Sunday, October 30, 2016

The Path Not Taken

The decision to share my writing in a different format did not come easily. It meant weeks of soul-searching and wondering if it was indeed the right choice to make. For almost six years, I wandered the woods and fields in this part of the world or took long roundabout drives that led me farther and farther and more deeply into the world of nature, beyond her external trappings, beyond what she chooses to show those who only cast casual glances about them but don't invite, for whatever reasons, their other senses, or their souls, into the process.

There was a time when I myself could be in a lovely place and not see it for what it was. I might have been lost in conversation with someone or focused on some other activity or event that minimized my surroundings. But then, I moved to the woods, and it was there that I finally learned not only to see, but to feel, to let nature wash over me and impart her own unique sort of wisdom, one which is often not possible to even put into words.

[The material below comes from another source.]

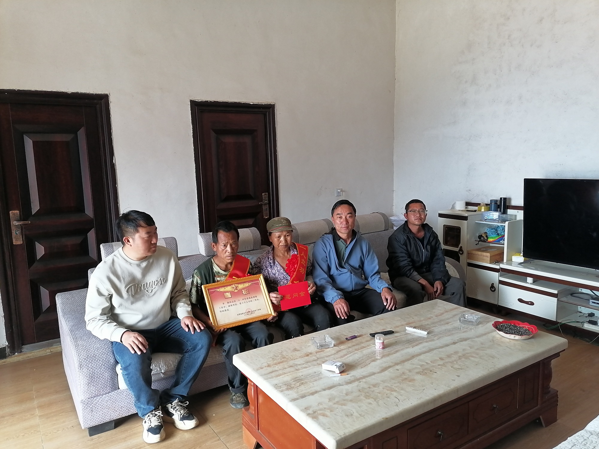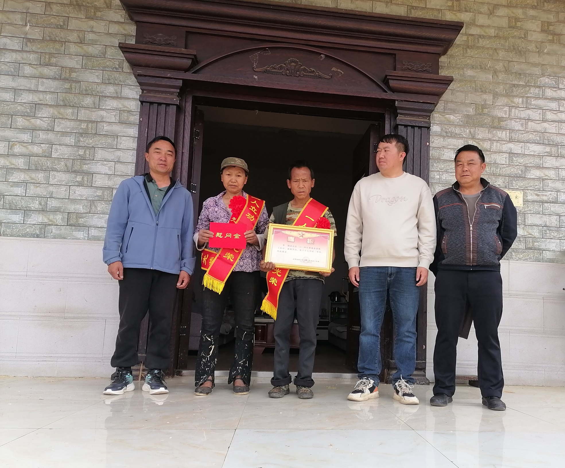 “恭喜恭喜,您儿子在部队荣立了三等功!”马街镇武装部部长、镇退役军人服务站工作人员向军属递过喜报和慰问金,对他取得三等功的光荣佳绩表示祝贺,对李海同志在工作中顽强拼搏、爱岗敬业、奋勇争先的优良品质给予高度评价,并向他们传达了党委、政府和部队的深切的关怀和衷心的感谢,感谢他们为国家、为部队培养了优秀人才,为家乡赢得了荣誉。
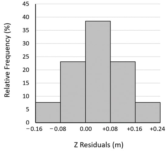 Figure 8 shows the frequency distribution of the residuals in Z. These residuals are the difference between the Z measurements obtained with the differential GNSS and the values of the cells in the same planimetric position on the DSM. The graph shows a symmetric unimodal distribution. The maximum frequency of residuals is registered in the interval 0 to 0.08 m (38% of the cases), while 85% of the points have residuals in the interval −0.08 to +0.16. This demonstrates that the photogrammetric product tends to slightly underestimate Z values.

During those years, I went through periods in my life when nature and her beauty receded from my view to allow other things in, things that had to be dealt with, sadnesses that had to be borne, problems that needed working out, losses that had to be shouldered, and changes beyond my control that had to be faced. When I think back, I remember it occurring to me following any of those experiences that, had it not been for nature and her solace, lurking ever in the background and on their fringes, I might not have come through it all as unscathed as I did.

Now, my hope is that those snippets of time of which this book is made, these sights, sounds and impressions, will continue to float out there in the universe like milkweed or dandelion seeds, alighting wherever they will and taking root in the minds of others, where it will hopefully spark the same sort of curiosity, the same level of passion, that nature has instilled in me.

I'm grateful to all who go on that walk with me, as it is one we cannot take often enough.